> PROVIDED MATERIAL
------------
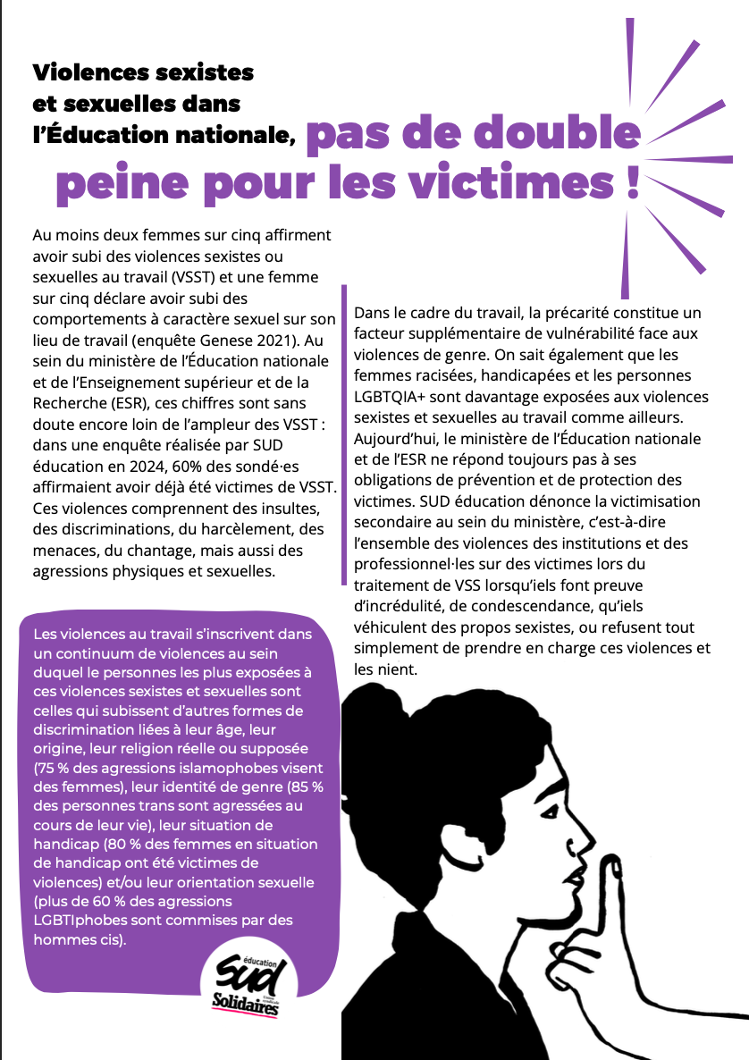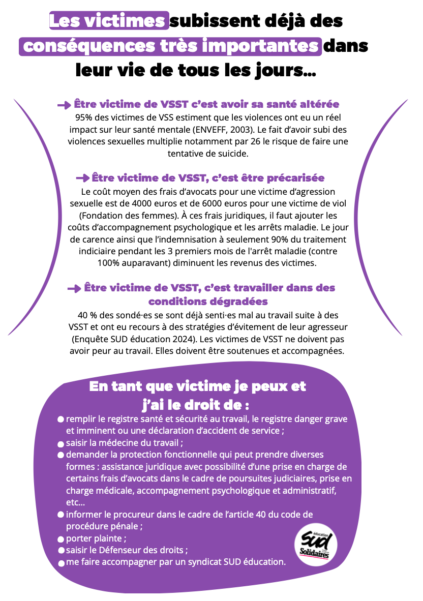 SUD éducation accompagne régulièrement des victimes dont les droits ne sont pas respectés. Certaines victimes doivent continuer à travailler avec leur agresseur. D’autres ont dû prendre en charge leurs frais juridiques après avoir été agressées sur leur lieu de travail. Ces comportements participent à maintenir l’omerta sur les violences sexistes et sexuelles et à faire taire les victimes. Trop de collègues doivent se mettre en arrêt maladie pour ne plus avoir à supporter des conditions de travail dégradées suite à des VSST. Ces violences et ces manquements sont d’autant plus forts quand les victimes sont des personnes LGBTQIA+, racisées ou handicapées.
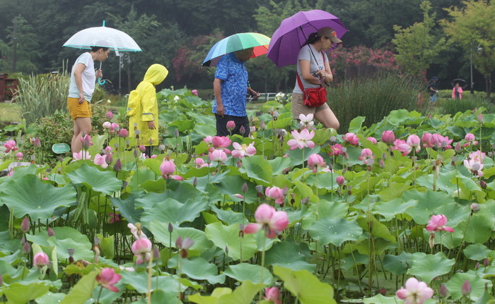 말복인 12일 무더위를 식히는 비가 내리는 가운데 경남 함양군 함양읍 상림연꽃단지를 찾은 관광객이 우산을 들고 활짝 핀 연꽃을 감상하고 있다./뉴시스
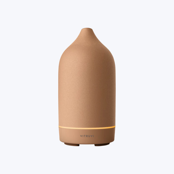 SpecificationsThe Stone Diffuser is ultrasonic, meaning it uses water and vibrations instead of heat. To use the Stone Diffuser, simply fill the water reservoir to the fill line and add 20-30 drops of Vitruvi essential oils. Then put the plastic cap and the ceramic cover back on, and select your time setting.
------------
> PROBLEM TO SOLVE
Retype the line containing "말복인 12일 무더위를" and all lines after it through the end of the material, exactly and only those, leaving out pictures.

> SOLUTION TO THIS EXERCISE
 말복인 12일 무더위를 식히는 비가 내리는 가운데 경남 함양군 함양읍 상림연꽃단지를 찾은 관광객이 우산을 들고 활짝 핀 연꽃을 감상하고 있다./뉴시스
 SpecificationsThe Stone Diffuser is ultrasonic, meaning it uses water and vibrations instead of heat. To use the Stone Diffuser, simply fill the water reservoir to the fill line and add 20-30 drops of Vitruvi essential oils. Then put the plastic cap and the ceramic cover back on, and select your time setting.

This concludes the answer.